- _Provided records_:
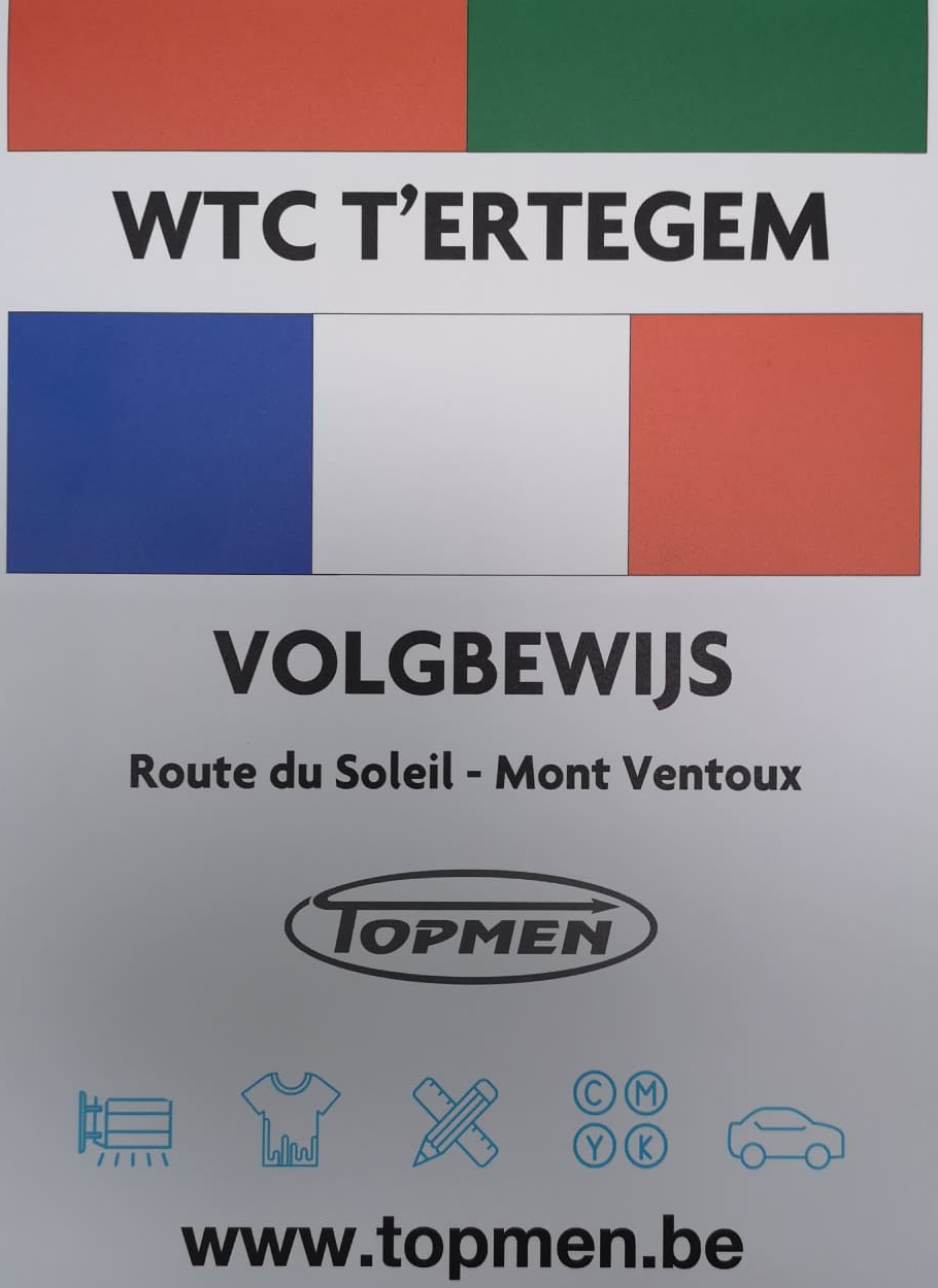 Per zullen ze zo’n 200 km afleggen. Bedoeling is zaterdag aan te komen. Zondag nemen ze een dagje rust en maandag rijden ze dan samen de Mont Ventoux op. “Ik denk dat het zal lukken, maar ik heb voor de zekerheid toch wat extra getraind”, aldus De Potter. De andere deelnemers: Robrecht Verlinden, Jimmy Bequ é, Ruben De Meyer, Tim Trossaert, Jenne De Potter, Jonas Haustraete, Paul De Clercq, Pascal Hubeau, Jo Monsecour, Kristof Monsecour en Wim Van den Berge. Het peloton van WTC T’Ertegem wordt gevolgd door een bestelwagen met voorraden. Slapen doen ze in hotels.
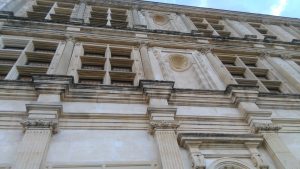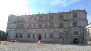 Vue de la façade du Château, de style dit “François 1er” construite au milieu du 16ème siècle par Louis Adhémar, complétée au 17ème siècle par des niches à coquilles et des pots à feu sur la toiture, restaurée au cours des années 1913-1931 (Crédits photos: Alexandre Plateaux).
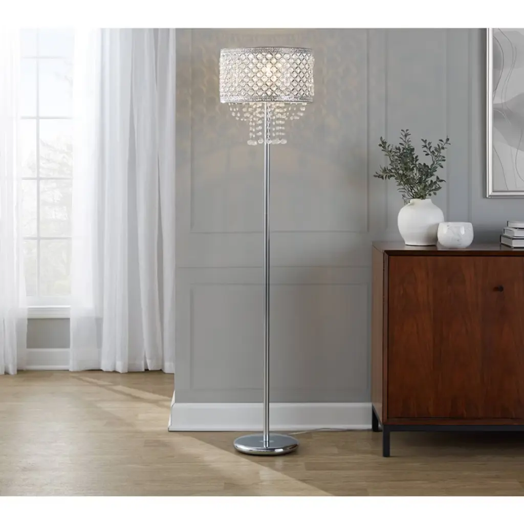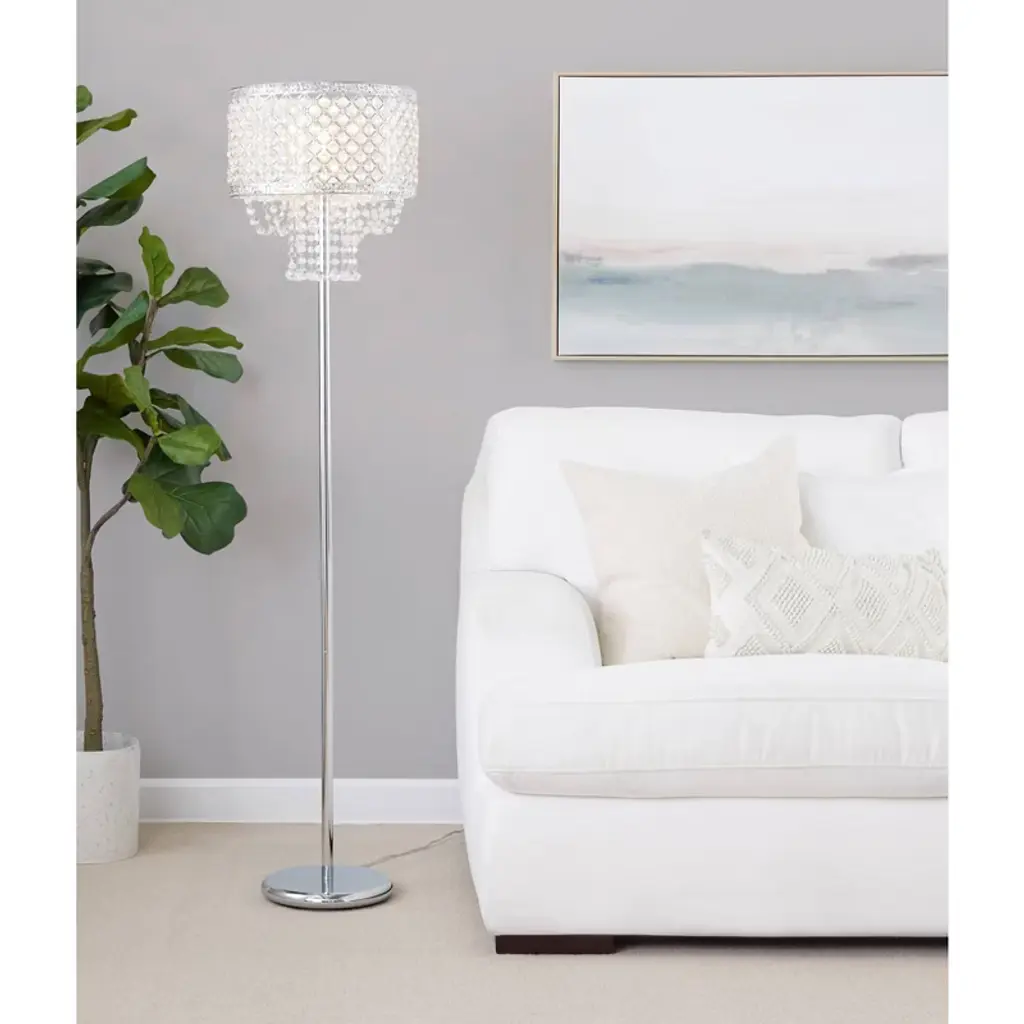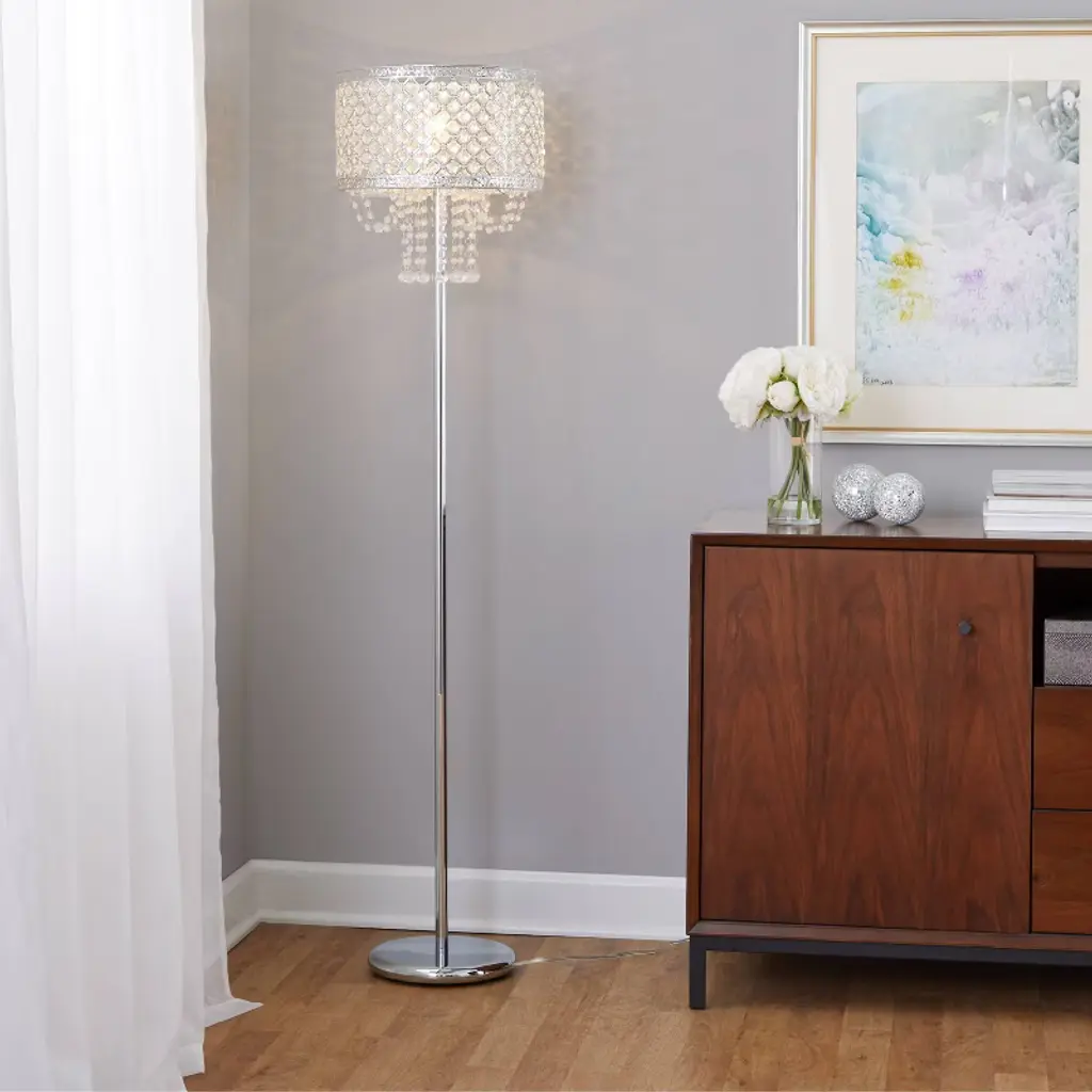 Add glamour and glitz to your life with the Droplets Floor Lamp from Grandview Gallery by LumiSource. A chic addition to modern aesthetics, it showcases a gorgeous metal shade with crystals that have been individually threaded into the shade and crystal beads that hang off the bottom. When lit, all of the genuine crystals cast a radiant display of cascading patterns onto surrounding walls.
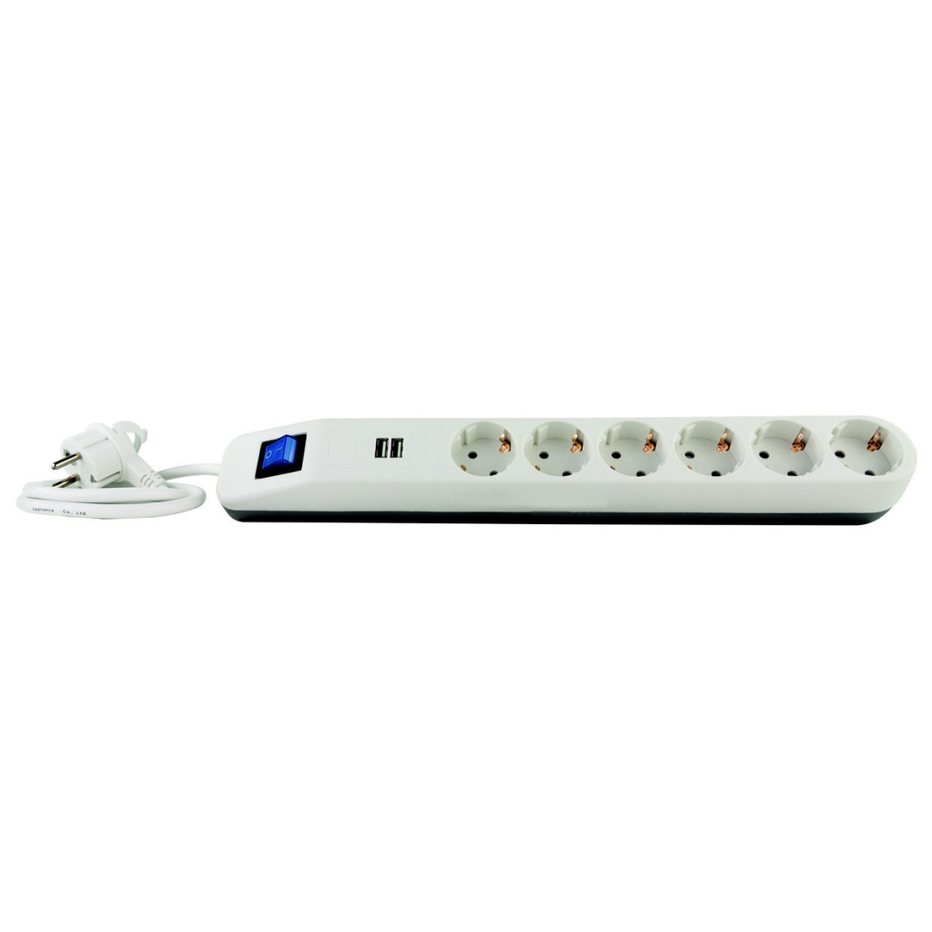 0014648103 Asztali elosztó "ICE" 6-os kapcsolós + 2USB bliszteres
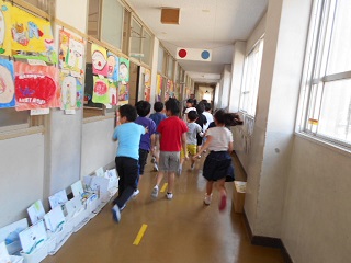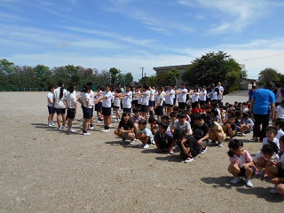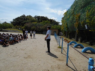 一番近くに侵入のあった2年生は、とっても素早く全員避難することができました。また、その他の学年も不審者確保の連絡を受けて全員が運動場に避難しました。
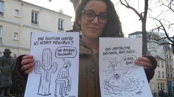 Corinne Rey es una diseñadora independiente, especializada en dibujos de prensa y humor, que desde el año 2009 trabaja como caricaturista en la revista Charlie Hebdo. Además, colabora y ha trabajado en otras publicaciones francesas como la revista ‘Los Inrockuptibles‘ y ‘Echo des Savanes‘. Sobre su labor en la redacción de la revista, la diseñadora detalla: ‘Mi trabajo consiste en responder al dibujo actual, para ilustrar los artículos de noticias, caricatura, crear cómics‘.
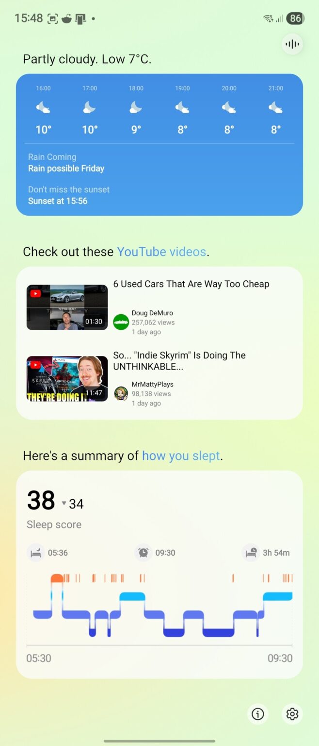 Uma mudança importante está nas recomendações do YouTube dentro do widget Now Brief. Em vez de mostrar dois vídeos em uma lista vertical, o One UI 8.5 usa um carrossel horizontal que é muito mais fácil de deslizar.
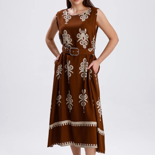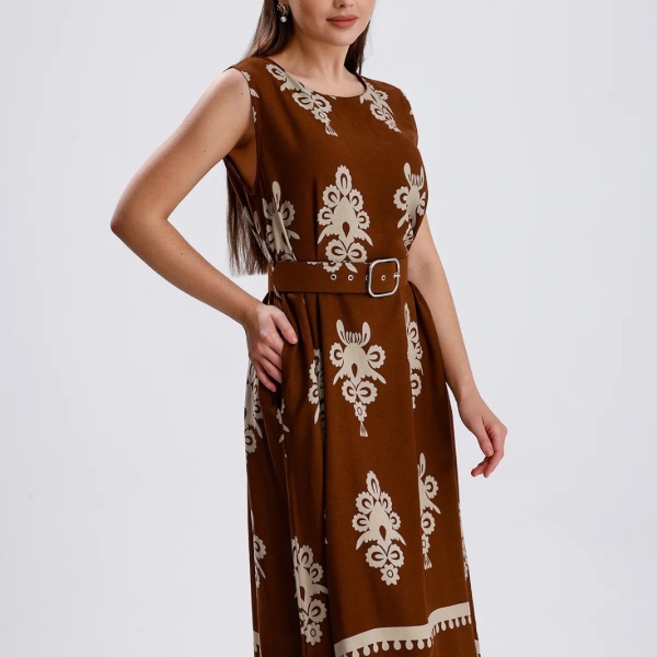 5. Коричневое платье миди без рукавов с геометрическим принтом и поясом
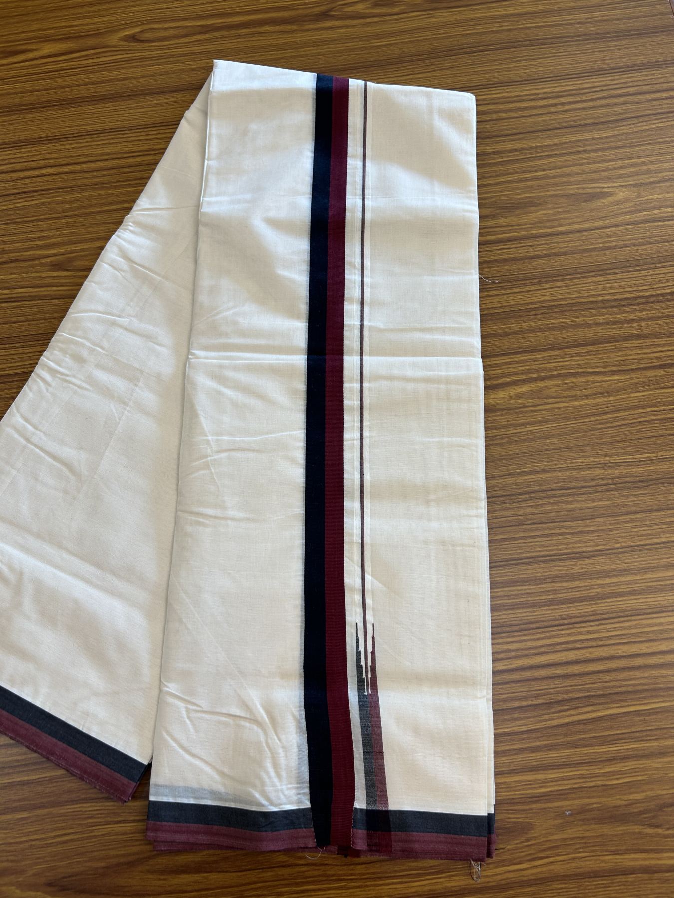 Dmk Veshti - 20% Discount !! KaithariKada Balaramapuram Double Off White - (Unbleached) Mundu/Dhoti - 100X100 - 1.25 inch Puliyilakkara Maroon & Black Chutty Kara 4 meters (8.5 Muzham) - 2 KK5330 ASH

- _The problem_:
Only the lines from the top of the data through the line with "Vue de la façade" should be quoted, exactly and with both ends kept; skip the pictures.

- _Exercise response_:
 Per zullen ze zo’n 200 km afleggen. Bedoeling is zaterdag aan te komen. Zondag nemen ze een dagje rust en maandag rijden ze dan samen de Mont Ventoux op. “Ik denk dat het zal lukken, maar ik heb voor de zekerheid toch wat extra getraind”, aldus De Potter. De andere deelnemers: Robrecht Verlinden, Jimmy Bequ é, Ruben De Meyer, Tim Trossaert, Jenne De Potter, Jonas Haustraete, Paul De Clercq, Pascal Hubeau, Jo Monsecour, Kristof Monsecour en Wim Van den Berge. Het peloton van WTC T’Ertegem wordt gevolgd door een bestelwagen met voorraden. Slapen doen ze in hotels.
 Vue de la façade du Château, de style dit “François 1er” construite au milieu du 16ème siècle par Louis Adhémar, complétée au 17ème siècle par des niches à coquilles et des pots à feu sur la toiture, restaurée au cours des années 1913-1931 (Crédits photos: Alexandre Plateaux).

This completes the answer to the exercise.